- Born: 28 April 1983 (age 43) Indore, Madhya Pradesh, India
- Occupation: Film score composer
- Years active: 2004–present
- Spouse: Kanu Behl ​(m. 2019)​

= Sneha Khanwalkar =

Indian music director (born 1983)

Sneha Khanwalkar (born 28 April 1983) is an Indian music director who works in Hindi films. She is best known for her score for the film, Oye Lucky! Lucky Oye!, and also for Gangs of Wasseypur Part 1 and Part 2. She was nominated in Best Music Director category at the 58th Filmfare Awards for Gangs of Wasseypur Part 1 & Part 2 (credited as the music director of Gangs of Wasseypur). She is only the second woman to gain a nomination in this category 28 years after Usha Khanna.

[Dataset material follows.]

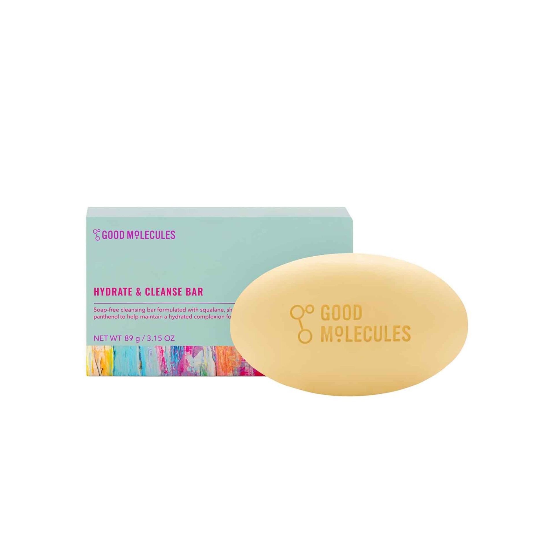 The Good Molecules Hydrate and Cleanse Bar is a gentle, soap-free cleansing bar designed to effectively clean both the body and face while delivering intense hydration. This ultra-moisturizing formula is crafted to leave your skin feeling soft, smooth, and nourished, never dry or stripped.

==Early life and education==
Khanwalkar was born and brought up in Indore, where her mother's family was entrenched in the Gwalior gharana of Hindustani classical music, through which she learned music as a child.

During her HSC vacations, she did an animation course and art direction course. In 2001, her family moved to Mumbai, with an aim of her joining an engineering college, but instead she started working in animation followed by art direction before deciding on music direction as a career, after rediscovering her childhood passion for music.

==Career==
In 2004, she scored the film The Hope, which competed at the Internationales Filmfest Emden in Germany. Meanwhile, she also did the title track for Ruchi Narain's film, KAL – Yesterday and Tomorrow (2005), though her big break came when she composed music for the 2007 film Go, produced by Ram Gopal Varma, and also got to compose a song for Sarkar Raj (2008).

In 2008, she won accolades for her score for the film, Oye Lucky! Lucky Oye! for which she travelled through rural North India, especially Haryana, where she visited the Raagini music festival, while researching for the film's music, eventually she created a hit soundtrack, embellished with Haryanvi musical influences.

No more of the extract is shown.